According to L. F. Rushbrook Williams, Abbot Robert of Gorham evidently saw with the elevation of Adrian IV an opportunity of acquiring privileges for St. Albans with the ostensible object of assisting in the settlement of some royal business which was in progress at the curia. Alfread H Tarleton suggests that some historians have stated that John of Salisbury accompanied this mission but this is a mistake, based on a confusion of the fact that John had many interviews with the Pope at Beneventum. The mistake may be due to the fact that the King, hearing John intended to visit the Pope, sent messages and letters through him in addition to employing a regular messenger, in the person of Robert the Abbot.
Gasquet suggests that there is almost conclusively evidence, that while a request of the nature described by Salisbury was made about this time to the Pope, Salisbury was not the envoy sent to make it. John of Salisbury, he notes, claims in Metalogicus to have been the ambassador for Henry II and obtained Laudabiliter for him and gives the year 1155 as the date when it was granted. With Bernard of Clairvaux's Life of Malachy and its description of the Irish as little more than savages, John of Salisbury found a ready audience in Rome when he spoke about the barbaric and impious people of Ireland.

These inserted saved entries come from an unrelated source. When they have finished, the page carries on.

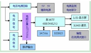DTSF1352 三相電子復(fù)費(fèi)率電能表采用計(jì)量芯片ATT7030A和飛思卡爾公司的8位單片機(jī)M68HC908LJ12實(shí)現(xiàn)。其原理為:線(xiàn)路上實(shí)時(shí)電壓、電流經(jīng)高精度互感器耦合,采樣電路分別采樣后,送到電量計(jì)量專(zhuān)用芯片ATT7030A(A/D轉(zhuǎn)換器轉(zhuǎn)化成數(shù)字信號(hào),通過(guò)片內(nèi)專(zhuān)用DSP運(yùn)算后輸出電能脈沖),通過(guò)脈沖送到MCU中,并根據(jù)預(yù)先設(shè)定的時(shí)段完成分時(shí)有功、無(wú)功電量計(jì)量和最大需量計(jì)算,分別作出相應(yīng)處理,并存貯到EEPROM中;同時(shí)實(shí)現(xiàn)顯示和輸出、RS485串行數(shù)據(jù)傳輸。具體設(shè)計(jì)框圖如圖3。???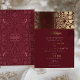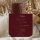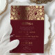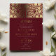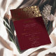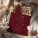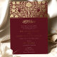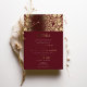 Celebrate your wedding with this luxurious burgundy and gold Islamic wedding invitation. This invitation features intricate floral patterns and elegant gold foil accents against a rich burgundy background, creating a sophisticated and opulent design. The traditional Islamic motifs and script blend seamlessly with modern elements, reflecting both cultural heritage and contemporary style. Printed on high-quality paper, this invitation is fully customizable to include your wedding details, ensuring a memorable impression on your guests. Perfect for a formal and elegant wedding, this invitation will set the tone for a truly special event.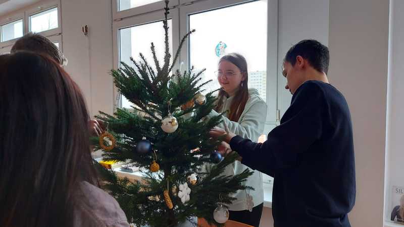 nasza biblioteka także jak cała szkoła intensywnie przygotowuje się do najbliższych świąt. Dziś uczniowie klasy 1b przepięknie ustroili naszą biblioteczną choinkę. Ciekawe, co znajdziecie w najbliższych dniach pod jej gałązkami? Zapraszamy do biblioteki, a przekonacie się osobiście.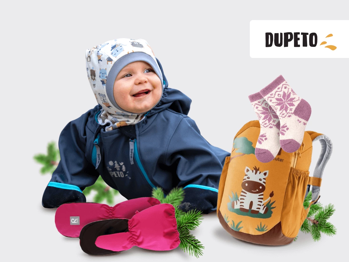 Dupetoshop.sk je česká značka detského oblečenia do každého počasia, za ktorou stoja dve vynaliezavé mamy. Šijú v ČR parádne funkčné kúsky pre malých dobrodruhov – softshellové bundy, rastúce overaly, merino čiapky a množstvo ďalších vychytávok, ktoré niečo vydržia. V Dupete sa tak nemusíš báť žiadnej kaluže ani snehovej fujavice – ich oblečenie zvládne minimálne dve sezóny a pritom vyzerá fakt štýlovo.

Salisbury finished his work called Polycraticus, written before Metalogicus he dedicated it to Thomas, afterwards St. Thomas a Becket, then Chancellor of England, who at this time was with Henry at the siege of Toulouse. This was in 1159; and in that year, Salisbury was presented to Henry apparently for the first time, by Thomas.

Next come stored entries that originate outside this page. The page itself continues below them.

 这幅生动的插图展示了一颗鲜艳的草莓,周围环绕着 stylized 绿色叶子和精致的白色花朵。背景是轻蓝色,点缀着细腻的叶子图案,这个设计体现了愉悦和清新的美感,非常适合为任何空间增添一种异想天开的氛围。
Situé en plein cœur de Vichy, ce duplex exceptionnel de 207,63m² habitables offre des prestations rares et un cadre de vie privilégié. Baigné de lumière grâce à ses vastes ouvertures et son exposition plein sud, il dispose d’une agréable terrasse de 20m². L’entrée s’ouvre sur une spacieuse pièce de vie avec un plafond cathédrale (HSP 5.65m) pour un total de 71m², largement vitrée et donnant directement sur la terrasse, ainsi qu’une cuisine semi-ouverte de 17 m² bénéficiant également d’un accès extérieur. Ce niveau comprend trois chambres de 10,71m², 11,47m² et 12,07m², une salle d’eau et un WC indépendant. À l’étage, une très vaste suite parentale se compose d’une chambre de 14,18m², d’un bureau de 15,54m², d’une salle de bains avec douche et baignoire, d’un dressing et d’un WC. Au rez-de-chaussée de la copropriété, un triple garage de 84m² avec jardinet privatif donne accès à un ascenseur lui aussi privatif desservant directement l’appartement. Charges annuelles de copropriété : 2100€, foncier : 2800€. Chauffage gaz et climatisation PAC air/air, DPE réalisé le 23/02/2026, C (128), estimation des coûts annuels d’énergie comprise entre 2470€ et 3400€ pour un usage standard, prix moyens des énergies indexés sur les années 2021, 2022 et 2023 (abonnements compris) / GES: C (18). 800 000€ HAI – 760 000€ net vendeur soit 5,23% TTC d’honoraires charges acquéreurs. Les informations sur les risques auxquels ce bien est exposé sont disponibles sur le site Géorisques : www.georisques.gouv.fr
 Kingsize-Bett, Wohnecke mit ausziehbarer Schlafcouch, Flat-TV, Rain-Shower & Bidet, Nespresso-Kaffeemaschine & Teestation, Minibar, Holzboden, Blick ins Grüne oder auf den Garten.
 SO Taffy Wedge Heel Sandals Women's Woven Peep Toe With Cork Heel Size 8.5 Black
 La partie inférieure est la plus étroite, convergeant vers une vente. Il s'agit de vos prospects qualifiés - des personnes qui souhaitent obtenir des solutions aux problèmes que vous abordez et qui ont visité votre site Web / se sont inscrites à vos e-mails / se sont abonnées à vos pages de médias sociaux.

Metalogicus and Polycraticus
According to Stephen J. McCormick, the date that Metalogicus was written is fixed according to the author himself, pointing to the fact that John of Salisbury immediately before he tells us that the news of Pope Adrian's death had reached him his own patron, Theobald of Bec, Archbishop of Canterbury, though still living, was "weighed down by many infirmities." Pope Adrian died in 1159 he says and the death of Archbishop, Theobald of Bec occurred in 1161. Gile and other editors of John of Salisbury's works, without a dissent, refer the Metalogicus to the year 1159, a view shared by Curtis.

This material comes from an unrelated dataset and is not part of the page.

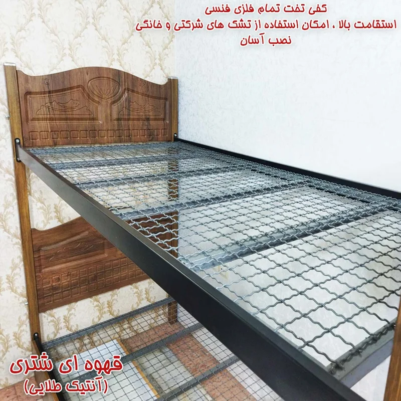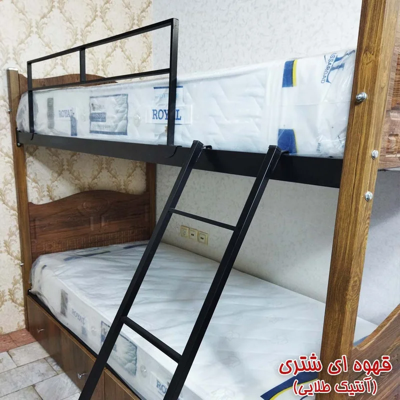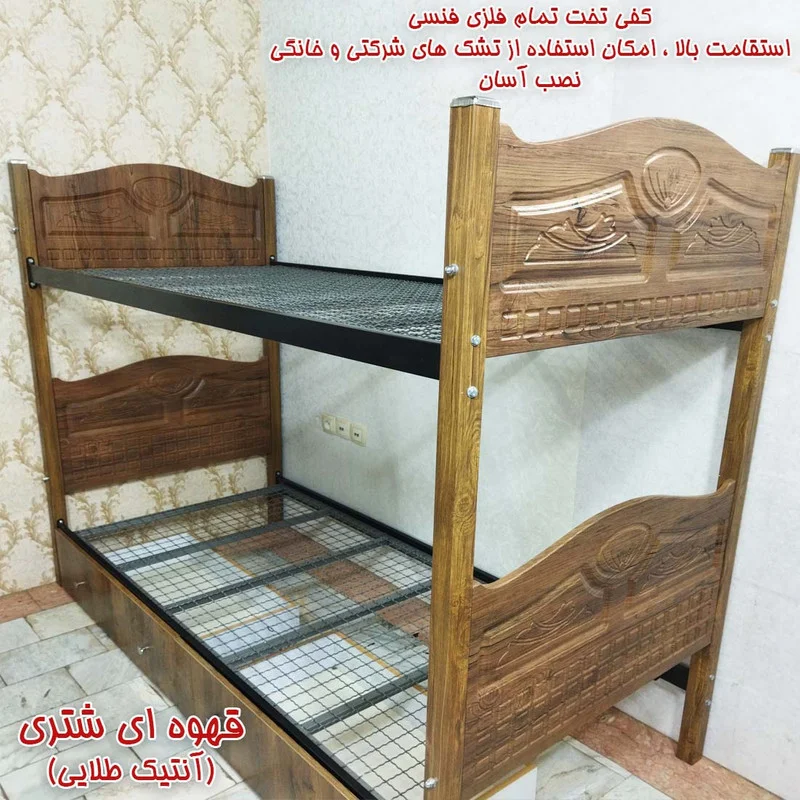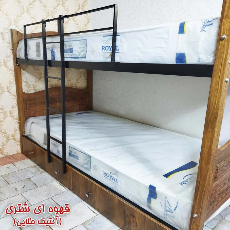 تختخواب دوطبقه مدل نگار با استفاده از ام دی اف و فلز یک محصول با استحکام و دوام بالا با قیمت مناسب را برای شما به ارمغان آورده است. این محصول با کفی تختخواب مدل فنسی عرضه میشود که دارای استقامت وزنی بالا ، نصب آسان و امکان استفاده از تشک های شرکتی و خانگی را دارا میباشد. حفاظ و نردبان محصول بصورت فلزی متحرک میباشد. کشوهای زیر تخت چرخدار با قابلیت قرارگیری از هر دو طرف بدون محدودیت میباشد. اتصالات محصول هم بصورت پیچ و مهره های آهنی میباشد که بسیار با دوام و محکم میباشد.

John of Salisbury, in his Metalogicus (lib. iv., cap. 42) writes, that while he was in an official capacity at the Papal Court, in 1155, Pope Adrian IV, granted the investure of Ireland Henry II of England. However, John of Salisbury also kept a diary, later published, entitled Polycraticus and had a detailed account of the various incidents of his embassy to Pope Adrian, yet in it he makes no mention of the Bull, or of the gold ring and its fine emerald, mentioned in Metalogicus or of the grant of Ireland, all of which would have been so important for his narrative in Metalogicus. If Adrian granted this Bull to Henry at the solicitation of John of Salisbury in 1155 there is but one explanation for the silence in Polycraticus, according to McCormick and that this secrecy was required by the English monarch.
J. Duncan Mackie writes that those who desire to do away altogether with Laudabiliter, find in the last chapter of the sixth book of the Metalogicus, an account of the transaction between John and Pope Adrian and in this passage is an almost insurmountable difficulty. It become necessary he says to assume that it is an interpolation, and this can only be done "in the face of all probability."
John of Salisbury, speaking of the existence of Laudabiliter in the last chapter of the Metalogicus does not give its text and it was at least thirty years after Adrian's death that the Laudabiliter itself first appeared in the Expugnatio Hibernica of Giraldus Cambrensis.
Oliver Joseph Thatcher suggests that the trustworthiness of Giraldus, to whom he says we owe Laudabiliter preservation, has nothing to do with the question of its genuineness, and should be left out of the discussion. However, Thomas Moore says the character of the man himself ought to be taken into account, and Michael Richter says that as no copy of the text survives, the issue becomes the credibility of those authors who recorded it on their works.
According to Thatcher, Giraldus Cambrensis apparently drew a false inference from John of Salisbury's works by saying that John went as the king's ambassador to the pope. Thatcher notes that other historians have since then unthinkingly copied this statement.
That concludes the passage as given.